As Belisarius was recalled to Europe and replaced by Solomon, the suppression of Donatist practices took sway and led to growing resentment, alienating Iaudas and his followers, many of whom were sympathetic to the Donatist church.

==War==
At the beginning of 535, while the Byzantine general Solomon was busy dealing with the revolt of the Berbers of Byzacena, led by the chiefs Cutzinas, Esdilasas, Medisinissas and Iourphouthès, Iaudas took the opportunity to take his 30,000 warriors to invade and plunder the countryside of Numidia, as far as the region of Tigisis (present-day Aïn el-Bordj, in Algeria), taking a large number of prisoners. Procopius relates that the officer Althias, placed in the city of Centuria, in charge of guarding the forts of this canton, and his small federated army of 70 cavalrymen, met Iaudas soon after, near the water source of Tigisis; Iaudas wanted to have access to water from the fountain for his men "devoured by the ardent thirst produced by fatigue and the heat, because it was then at the height of summer", while Althias wanted to recover some prisoners from Iaudas. In order to settle the dispute, the two leaders fought face to face in single combat. Iaudas, terrified by the dexterity of Althias, who killed his horse, fled with his army in disorder. All loot and prisoners were collected by the Byzantines.
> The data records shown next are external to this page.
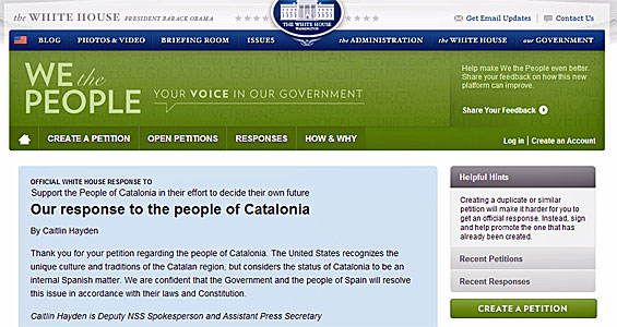Redacción. Una petición popular iniciada en noviembre de 2012 por un ciudadano norteamericano para solicitar el apoyo del Gobierno de los Estados Unidos a la consulta independentista de Artur Mas en Cataluña, ha sido oficialmente rechazada por Washington, que lo considera “un asunto interno español que deberá resolver el Gobierno y el pueblo de España de acuerdo con sus leyes y la Constitución”.
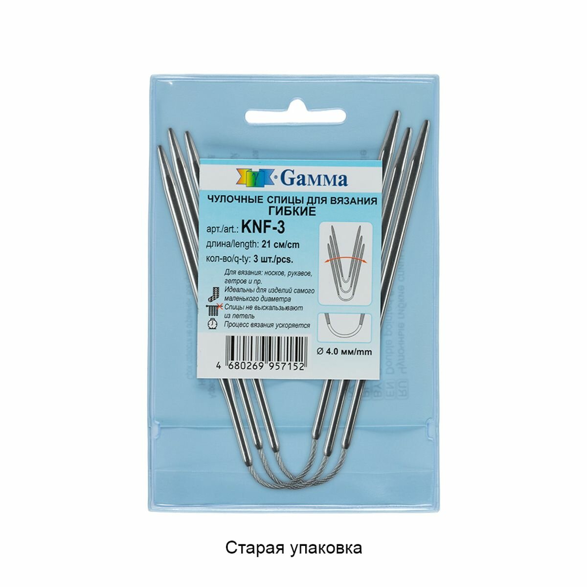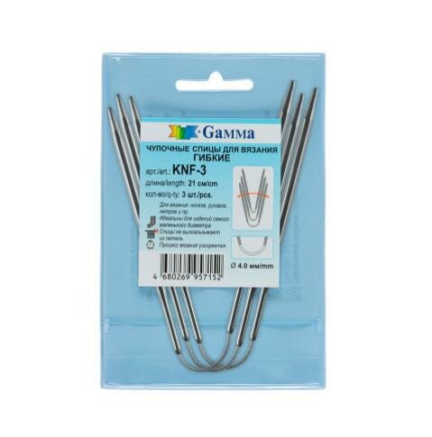 Купить Спицы чулочные гибкие, сталь GAMMA KNF-3 d 4.0 мм, 21 см, 3 шт под никель
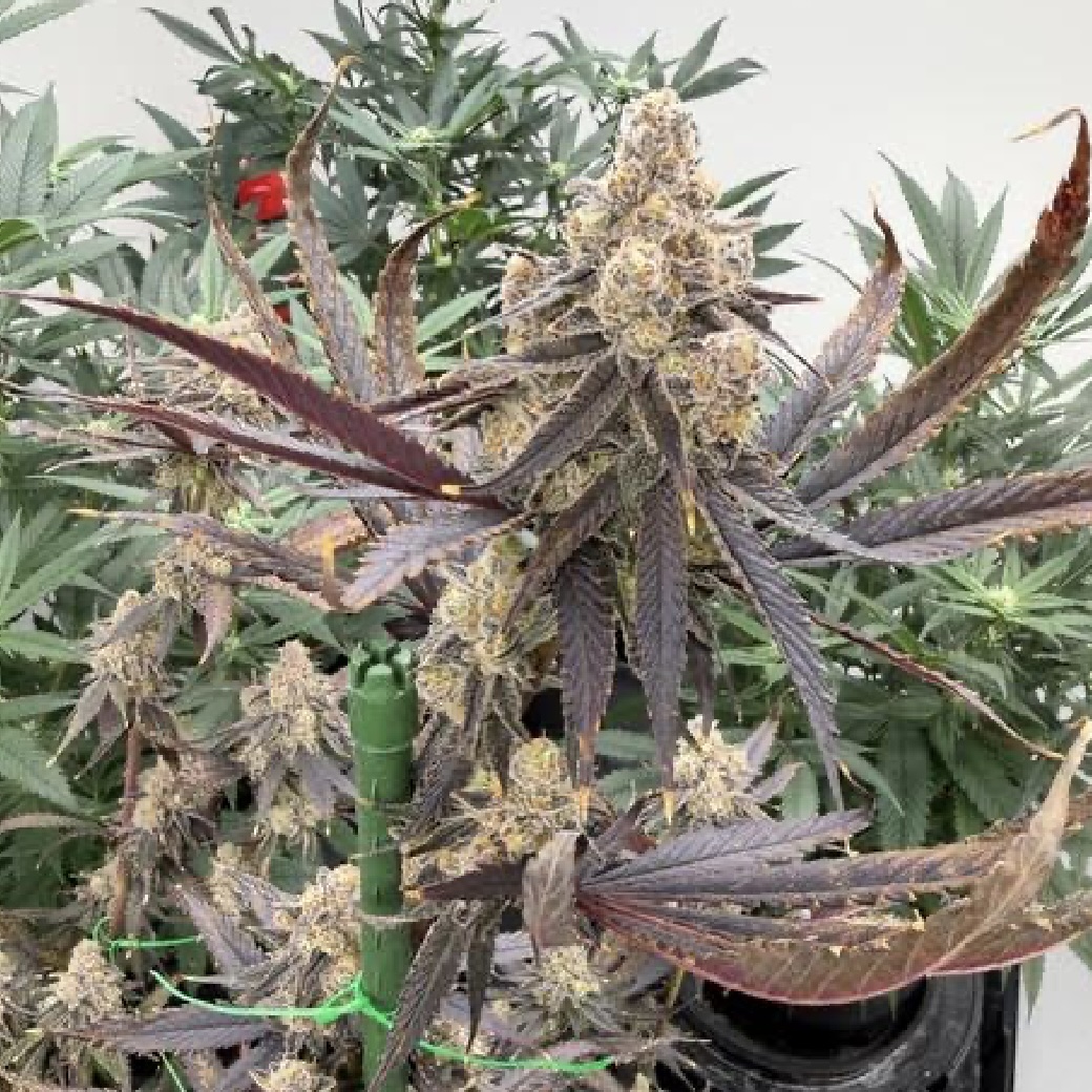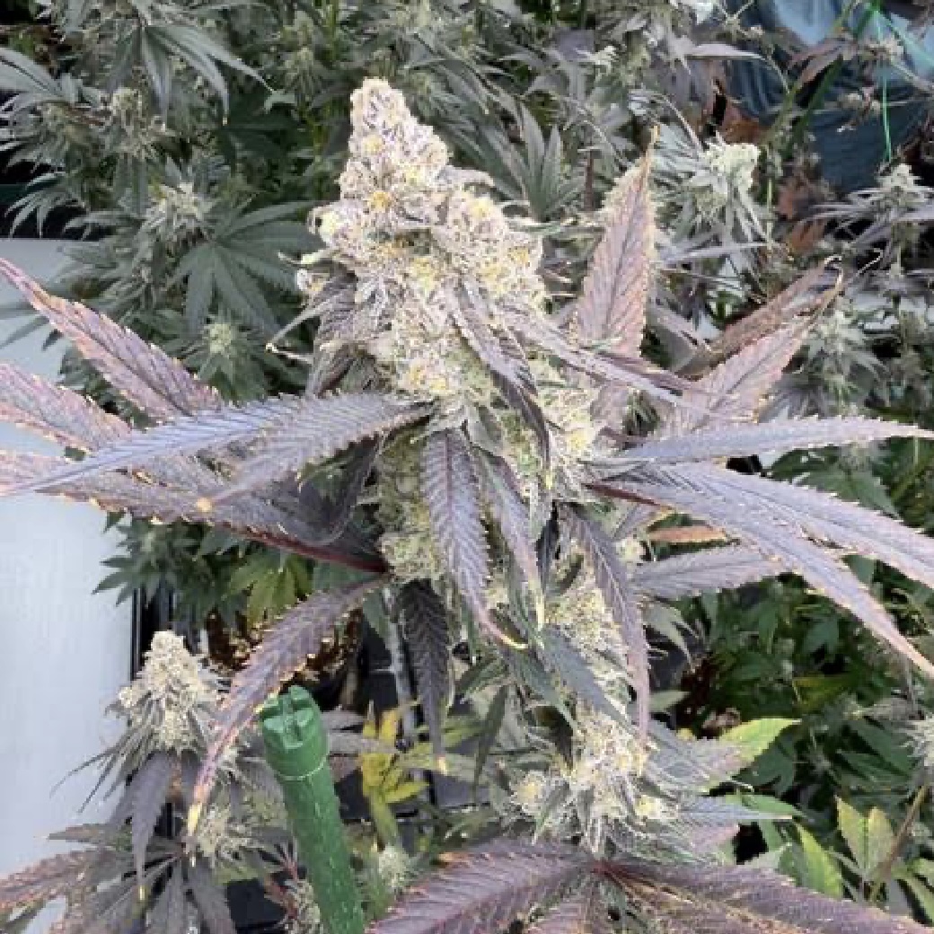 Expect an apical dominant plant capable of generating good laterals when topped. Moderate internodal spacing and a lack of excess leaf allow for good airflow. Apple Peelz will develop dark purples on the leaves along with light to dark purple and greens in the calyxes of its pointy, conical buds. This strain is a sugar dumper with tons of trichome accumulation from top to bottom.
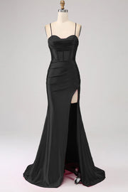Wholesa Mermaid Stunning Spaghetti Straps Corset Prom Dress with Split Front
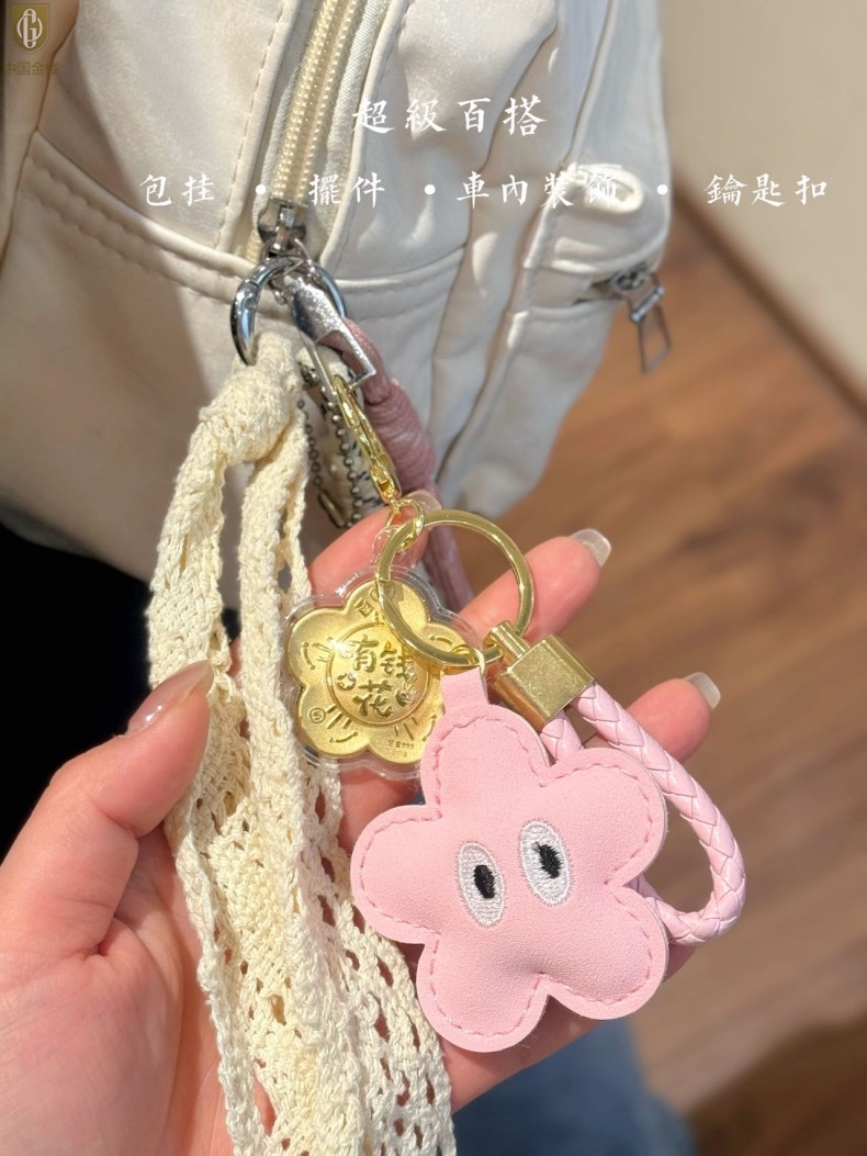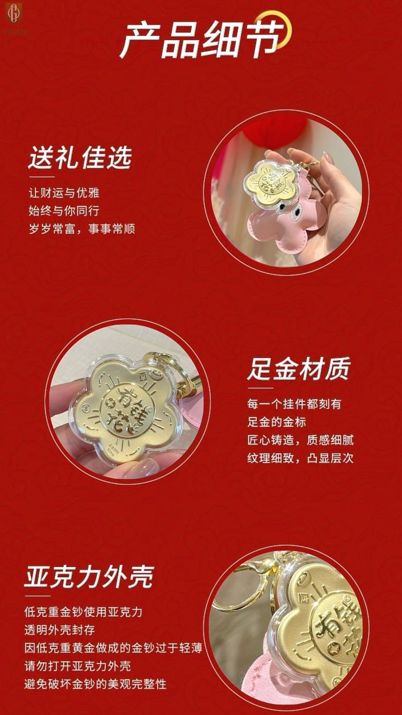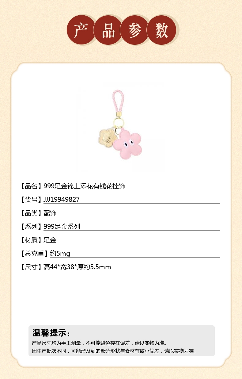 【品名】中国金楼999足金锦上添花有钱花挂饰
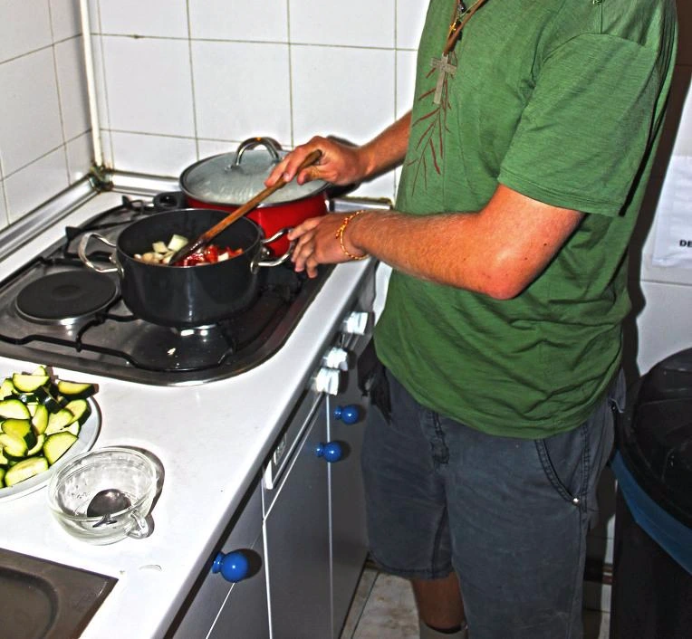 사무엘이 가지와 애호박, 양파 등으로 덮밥소스를 만들었다.

In 534–535, the Berbers of Byzacena, insurgents against the new power, were defeated by Solomon during the battles of Mammes and Mount Bourgaon, which placed Iaudas in the front line against the Empire. He stood up, first welcoming the survivors of the insurrection, like Cutzinas, then resisting Solomon's advance in the Aurès.

Solomon, with two Berber chiefs, Masuna, who sought revenge for his father, assassinated by Iaudas, and Orthaïas, victim of a conspiracy by Iaudas and Mastigas, advanced against the Aurès. He challenged Iaudas to battle, but after three days his soldiers grew suspicious of the loyalty of the Berbers. As a result, Solomon abandoned the campaign and did not engage in conflict with them again until 537 due to a mutiny by the Byzantine army in the spring of 536.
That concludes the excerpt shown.